If I understand you are inputting 100 vectors into query method and it flattens them out into one long vector? You second solution is correct. Each query is a single vector search, searching for the closest vectors in vector space.
If you have any more problems you can explain why you would be inputting 100 vectors at once and we can see what can be done
Hi @Jasper,
Thanks for your quick response:)
I´m trying to apply the GPL adaptation of this notbook. There is a version on the pinecone learn series to, which uses kind of the same implementation regarding the problem with the dimensions. Those two official implementations of GPL are using the “res = index.query(query_embs.tolist(), top_k=10)” line so I´m a little bit confused, why for me it isn´t working.
Here is the part of the original code (both original implemenatations use the part with the index.query(query_embs.tolist()), which throws the error with the Dimensions:
batch_size = 100
triplets = []
for i in tqdm.tqdm(range(0, len(query_doc_pairs), batch_size)):
# embed queries and query pinecone in batches to minimize network latency
i_end = min(i+batch_size, len(query_doc_pairs))
queries = [pair[0] for pair in query_doc_pairs[i:i_end]]
pos_docs = [pair[1] for pair in query_doc_pairs[i:i_end]]
query_embs = org_model.encode(queries, convert_to_tensor=True, show_progress_bar=False)
res = index.query(query_embs.tolist(), top_k=10)
# iterate through queries and find negatives
for query, pos_doc, query_res in zip(queries, pos_docs, res['results']):
top_results = query_res['matches']
random.shuffle(top_results)
for hit in top_results:
neg_doc = corpus[int(hit['id'])]
if neg_doc != pos_doc:
triplets.append([query, pos_doc, neg_doc])
break
The rest of the variables used should be in the same format as the official implementations i adopted.
The Problem with my workarround is, that it is to slow (I´m working in google colab and it shuts down tasks that take to long)
So i thought that my changes of searching one vector at a time could be the problem for the poor performance compared to searching in a batch of 100 what the tolist() code seems to do, so i wanted to make the original version work.

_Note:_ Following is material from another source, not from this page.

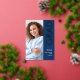 Moderne Grad 2025 Foto Navy Gold Real Foil Ankündigung. Die Eleganz der reellen Folie in Gold für die rotierte Typografie, Grad und das Jahr, mit der Erholung des Textes in Weiß, einschließlich Ihrer Nachricht auf der Rückseite auf einem marineblauen Hintergrund, der in jede Farbe geändert werden kann. Ersetzen Sie die Fotos auf beiden Seiten durch Ihre beiden Favoriten.
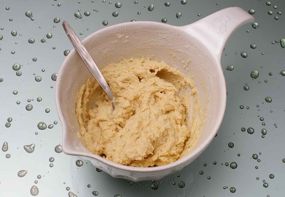 К сладкому уже маслу небольшими порциями добавляйте просеянную муку и тщательно перемешивайте до однородной массы. Возможно, муки потребуется чуть меньше, чем указано, или чуть больше (это зависит от ее качества). Определить это необходимо по состоянию теста: оно должно быть мягким, пластичным.

Maybe for context, my index is 27.000 vectors large with 768 dimensions and i have 270.000 queries so query_embs is as well 270.000 in length.

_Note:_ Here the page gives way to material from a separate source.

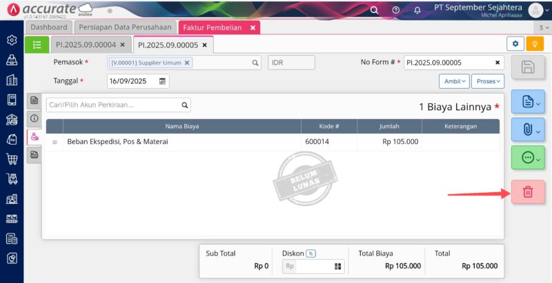 Hapus Faktur Pembelian Atas Tagihan Biaya

Thanks a lot for your tim, really appreciate your help!
Hmm not familiar with the GPL approach, but I checked the provided links and code.
From article: The vector database is set up for us to begin negative mining. We loop through each query, returning 10 of the most similar passages by setting top_k=10. (mind the each query part).
After checking I think your code has an error somewhere. The queries you are encoding is one query and query_embs should be of the same length as your original vectors inserted into Pinecone. Debug what happens and how queries look like. If it is anything else than one query, then you should check how your pairs are created and added into list.
.tolist() is used to create a list from numpy array, not so you can query multiple vectors at once. I think this may be the misunderstanding.
I am getting a similar error-
ApiException: (400)
Reason: Bad Request
HTTP response headers: HTTPHeaderDict({‘content-type’: ‘text/plain; charset=utf-8’, ‘Content-Length’: ‘140’, ‘date’: ‘Sun, 19 Nov 2023 10:32:27 GMT’, ‘x-envoy-upstream-service-time’: ‘3’, ‘server’: ‘envoy’, ‘Via’: ‘1.1 google’, ‘Alt-Svc’: ‘h3=“:443”; ma=2592000,h3-29=“:443”; ma=2592000’})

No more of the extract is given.